Top of Supplied data
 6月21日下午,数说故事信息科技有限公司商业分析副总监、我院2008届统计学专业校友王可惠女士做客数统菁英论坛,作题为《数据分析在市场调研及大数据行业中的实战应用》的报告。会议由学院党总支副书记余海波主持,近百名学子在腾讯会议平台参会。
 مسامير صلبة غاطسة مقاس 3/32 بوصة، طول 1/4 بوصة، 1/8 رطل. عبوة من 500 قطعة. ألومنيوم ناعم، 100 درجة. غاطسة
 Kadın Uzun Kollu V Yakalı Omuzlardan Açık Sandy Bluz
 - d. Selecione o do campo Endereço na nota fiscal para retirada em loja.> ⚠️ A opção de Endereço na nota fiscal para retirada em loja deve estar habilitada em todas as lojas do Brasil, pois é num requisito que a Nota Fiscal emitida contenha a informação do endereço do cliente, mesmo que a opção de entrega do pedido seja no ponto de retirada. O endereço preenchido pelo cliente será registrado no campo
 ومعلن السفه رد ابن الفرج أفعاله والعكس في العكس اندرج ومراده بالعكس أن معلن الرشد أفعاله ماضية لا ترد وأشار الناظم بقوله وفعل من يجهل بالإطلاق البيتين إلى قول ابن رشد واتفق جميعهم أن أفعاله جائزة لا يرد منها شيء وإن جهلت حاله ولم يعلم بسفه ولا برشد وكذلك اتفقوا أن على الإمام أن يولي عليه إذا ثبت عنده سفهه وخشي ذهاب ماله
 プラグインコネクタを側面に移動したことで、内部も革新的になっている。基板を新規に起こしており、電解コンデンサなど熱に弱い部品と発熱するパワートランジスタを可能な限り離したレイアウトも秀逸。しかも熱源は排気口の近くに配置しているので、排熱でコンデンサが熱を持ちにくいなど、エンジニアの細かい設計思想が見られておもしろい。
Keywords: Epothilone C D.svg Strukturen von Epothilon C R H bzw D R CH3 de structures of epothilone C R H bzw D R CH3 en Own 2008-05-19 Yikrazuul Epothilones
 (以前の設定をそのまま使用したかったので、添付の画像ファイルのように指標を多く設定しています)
Bottom of Supplied data
Top of Supplied data
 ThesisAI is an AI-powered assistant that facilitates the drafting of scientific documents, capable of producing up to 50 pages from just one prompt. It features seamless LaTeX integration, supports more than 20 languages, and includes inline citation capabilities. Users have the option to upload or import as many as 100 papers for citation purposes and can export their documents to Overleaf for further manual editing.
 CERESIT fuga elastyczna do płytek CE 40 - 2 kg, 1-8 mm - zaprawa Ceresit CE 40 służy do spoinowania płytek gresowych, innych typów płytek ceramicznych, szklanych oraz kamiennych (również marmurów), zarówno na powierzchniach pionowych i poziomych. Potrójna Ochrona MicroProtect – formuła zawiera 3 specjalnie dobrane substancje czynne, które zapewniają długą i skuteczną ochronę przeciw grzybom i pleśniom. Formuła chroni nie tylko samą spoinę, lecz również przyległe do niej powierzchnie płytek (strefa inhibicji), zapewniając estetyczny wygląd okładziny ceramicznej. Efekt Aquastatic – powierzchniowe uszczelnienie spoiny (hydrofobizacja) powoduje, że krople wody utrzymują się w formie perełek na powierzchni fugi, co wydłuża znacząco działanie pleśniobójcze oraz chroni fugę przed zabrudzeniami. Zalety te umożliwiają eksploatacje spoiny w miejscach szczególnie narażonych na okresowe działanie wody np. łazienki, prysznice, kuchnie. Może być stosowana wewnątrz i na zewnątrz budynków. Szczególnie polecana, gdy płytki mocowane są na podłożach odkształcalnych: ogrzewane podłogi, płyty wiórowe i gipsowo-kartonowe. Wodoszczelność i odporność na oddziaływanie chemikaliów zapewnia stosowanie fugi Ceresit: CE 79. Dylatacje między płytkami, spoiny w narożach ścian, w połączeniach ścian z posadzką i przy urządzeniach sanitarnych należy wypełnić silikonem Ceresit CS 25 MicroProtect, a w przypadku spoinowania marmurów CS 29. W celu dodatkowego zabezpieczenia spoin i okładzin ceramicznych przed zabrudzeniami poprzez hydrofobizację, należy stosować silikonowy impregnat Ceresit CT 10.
Bottom of Supplied data
Top of Supplied data
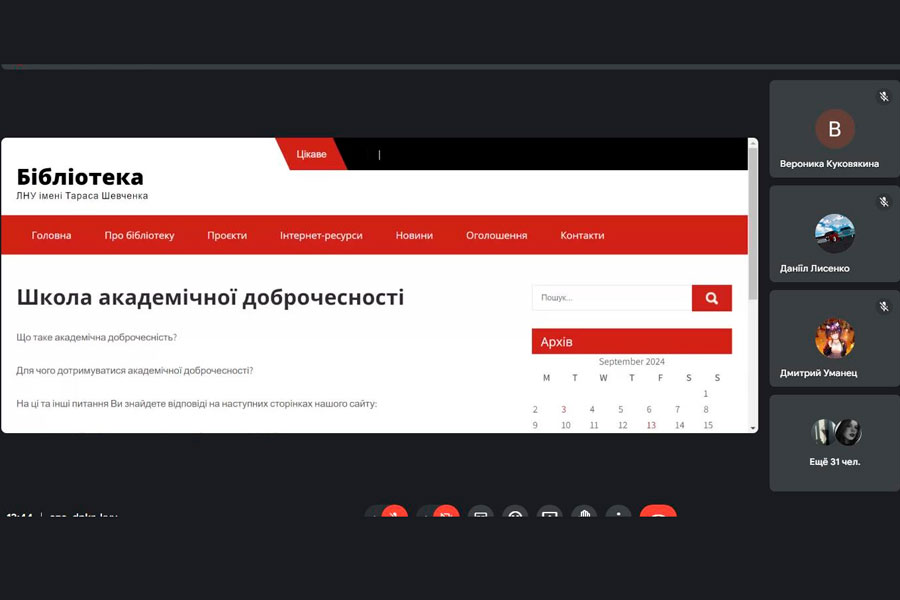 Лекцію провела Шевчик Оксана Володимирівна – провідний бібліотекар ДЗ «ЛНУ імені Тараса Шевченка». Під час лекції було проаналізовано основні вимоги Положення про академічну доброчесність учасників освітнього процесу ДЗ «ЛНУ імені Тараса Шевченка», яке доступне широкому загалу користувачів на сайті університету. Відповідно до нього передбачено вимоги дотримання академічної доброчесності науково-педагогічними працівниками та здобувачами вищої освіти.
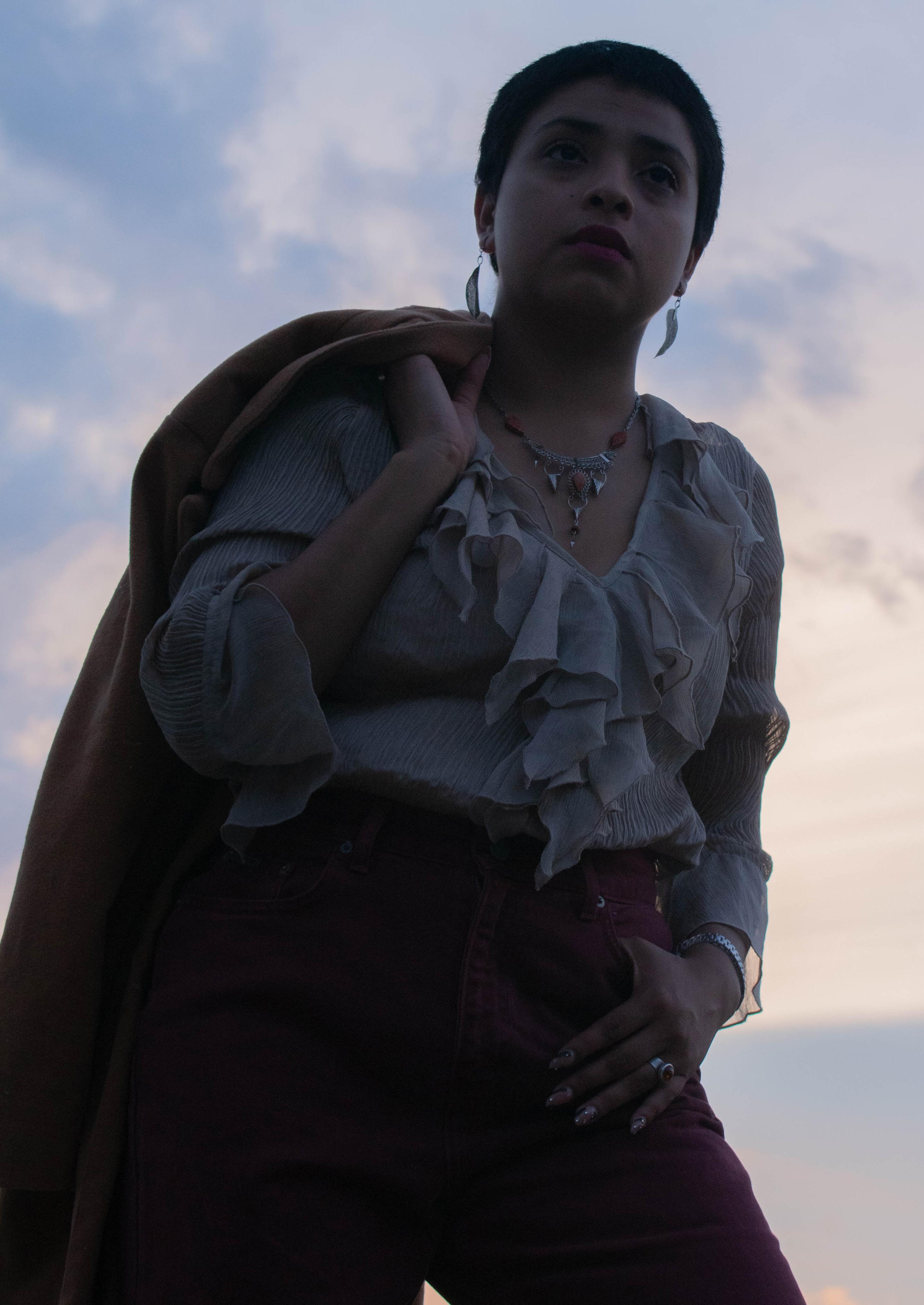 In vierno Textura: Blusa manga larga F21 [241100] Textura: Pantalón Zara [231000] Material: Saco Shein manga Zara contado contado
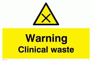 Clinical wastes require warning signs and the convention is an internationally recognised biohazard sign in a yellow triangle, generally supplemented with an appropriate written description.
Bottom of Supplied data
** What you will do **
Whatever pictures the records hold, omit them; give again exactly the lines from the one containing "In vierno Textura: Blusa" through the one containing "Clinical wastes require".

** Result **
 In vierno Textura: Blusa manga larga F21 [241100] Textura: Pantalón Zara [231000] Material: Saco Shein manga Zara contado contado
 Clinical wastes require warning signs and the convention is an internationally recognised biohazard sign in a yellow triangle, generally supplemented with an appropriate written description.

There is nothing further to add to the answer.